In every case, Cham Albanians could not return to Greece, because of the alleged crimes they were charged with and the climate of terror that several nationalist bands, backed by the National Guard, were sustaining in Thesprotia. Also they could not be assured for a fair trial since many who had taken part in the massacres against Chams, now held positions in the Greek Army's Epirus Command. In addition, belonging to opposite political camps, the Chams were unable to ask for their rights.

===Internationalizing the issue===
At the same time, the Committee tried to internationalize the issue, by sending telegrams of protest to several Allied Powers. The sent telegrams to the Soviet, British, American and French military missions, and the Yugoslav Legation in Tirana. The memorandum, adopted in the first congress, was sent also to the London and Paris Conference of Peace, and to the United Nations Assembly on 25 October 1946. Every telegram and memorandum ended with the plea: "Despite protests we have made and the rights we are entitled to, we continue to be in exile, whereas the Greek government has gone all out to establish aliens in our Chameria in order to prevent us from returning home."

==Human relief==
Although, no demand of Chams was answered, the UN Assembly in New York City acknowledged the humanitarian crisis facing the refugees. From September 1945 to the spring of 1947, Albania received a total of US$26 million of assorted goods, materials and equipment from the UN Relief Programme, UNRRA (United Nations' Relief and Rehabilitation Administration). Of this approximately US$1.2 million was allocated specifically for refugees from northern Greece. According to historian Miranda Vickers "it was mainly due to this aid programme that Albania escaped a major famine".

==Aftermath==

In 1951, the Albanian government granted forcefully Cham Albanians the Albanian citizenship and they were forced to integrate to Albanian society, disbanning the committee. Despite this many Chams still regard themselves as refugees deprived of their Greek citizenship and the right to return to their property in Greece. Until 1991, Cham Albanians had no right to be organized and the Cham Issue was not discussed neither by the Albanian Government, nor by the Greek one.
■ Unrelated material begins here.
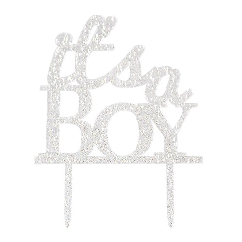 Glitter Acrylic It's A Boy Cake Topper (Silver)
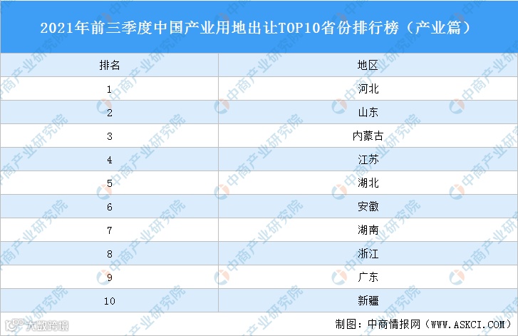 产业地产投资情报:2021年前三季度中国产业用地出让TOP10省份排名

In 1953, Greece passed a law, that considered the Cham's agricultural properties as abandoned, and thus confiscated them. A year later, all urban properties were confiscated too. In 1974, the Greek citizenship of Cham Albanians taken off them, by the law on refugees.

The Albanian communist government was criticized for its international reactions. Actually, according to historians, the controversial Cham issue has lain dormant in recent years and none of the post-war Albanian governments, whether communist, democratic or socialist, have ventured to try to make it a key issue in bilateral relations with Greece. Many Chams were persecuted by the Albanian Communist regime, which, like the Greeks, believed that they had collaborated with the Italians and Germans during the Second World War. Many were therefore forced to flee to the United States, creating a new diaspora of Cham Albanians.

The Cham issue would regain momentum only in 1991, when the communist regime collapsed, and the National Political Association "Çamëria" was established.